Durham saw himself become a leader in the midst of last season’s 1-12 stretch, a stretch he referred to simply as “adversity.” He saw a team that needed a spark.
His approach each day during the difficult stretch is what sold himself to his teammates. They saw the same smile Miller did. Durham helped keep his teammates focused while surrounded by their own personal frustration on the court, and the social media storm building around them.
“We need a guy that has some smiling to him,” Miller said. “The doom and gloom of a bad game or missed shot doesn’t impact him. That’s what we need.”
It makes sense that Durham then would have played the second-most minutes in the win over Michigan State, the one victory in the disastrous 13-game stretch. His 46 minutes were the most on the team in the streak-breaking win over Wisconsin. Durham scored in double figures on both occasions, including going 3-5 from three both nights.
His individual numbers sparked his own season. It’s why Durham enters his junior year with his confidence high.
It was both the on-court play and leadership that helped spark the team on a late run toward sneaking into the NCAA tournament.
Durham averaged 8.3 points per game in his sophomore season, up from his 4.8 as a freshman. He started 30 games after starting only nine as a freshman. He played 583 minutes as a freshman, whichbecame 978 as a sophomore.
His 34.8% mark from three was second best on the team among those who attempted double-digit threes. Without a defender in his face, Durham shot above 50% at the 2019 Hoosier Hysteria three-point competition.
Durham talked about his experience seeing the team at its highs and the lows. He’s been there for all of them through the first years of Miller’s tenure. Sweeping Michigan State last season went to prove to Durham the team can always bounce back from adversity.
“I wanted to be that glue guy to bring everybody closer and bring everybody up and make sure they remember that adversity hits, but we just going to get through it,” Durham said.
Despite starting 30 games last season, Durham has never had to stand out. Whether it be Romeo Langford, Juwan Morgan or Robert Johnson, there’s always been a star where the spotlight is shining, players Durham would be working behind as a role player.
And that’s where his clothing line begins to parallel what he does wearing an IU uniform.
Durham wants Real is Rare to allow people to be one of a kind, to stand out. He wants people to notice when people wear his clothes, to look their best. He feels he can give that to people with his clothes.
He’s playing his own role to give people confidence, to help them succeed. Just as he has on the court.
“I want to say it’s one of a kind because it’s mine and, I want to make sure everybody feels special when they wear it,” Durham said. “They want to feel like they are one of a kind.”

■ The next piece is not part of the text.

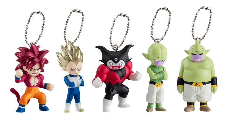 The lineup features five different characters, all featured in Dragon Ball DAIMA's climactic battle: Super Saiyan 4 Goku (Mini), Super Saiyan Vegeta (Mini), Third Eye Gomah, Majin Kuu, and Majin Duu!

He may not be the leading scorer or the focal point of the offense. He’ll still be working to support and give confidence to his teammates, to help them look their best on the court.
Though it will no longer be Durham only in a supporting role, not only building everyone else up. He’s a captain now, the person everyone is looking to, the person everyone is expecting to lead.
Durham will be both a leader and a player with a flair all his own, the same flair that earned him the respect of his teammates as a junior and the flair that runs through his clothes. A smile that shines through the looming expectations and doubt of a fanbase searching for a return to relevance.
He doesn’t know any other way.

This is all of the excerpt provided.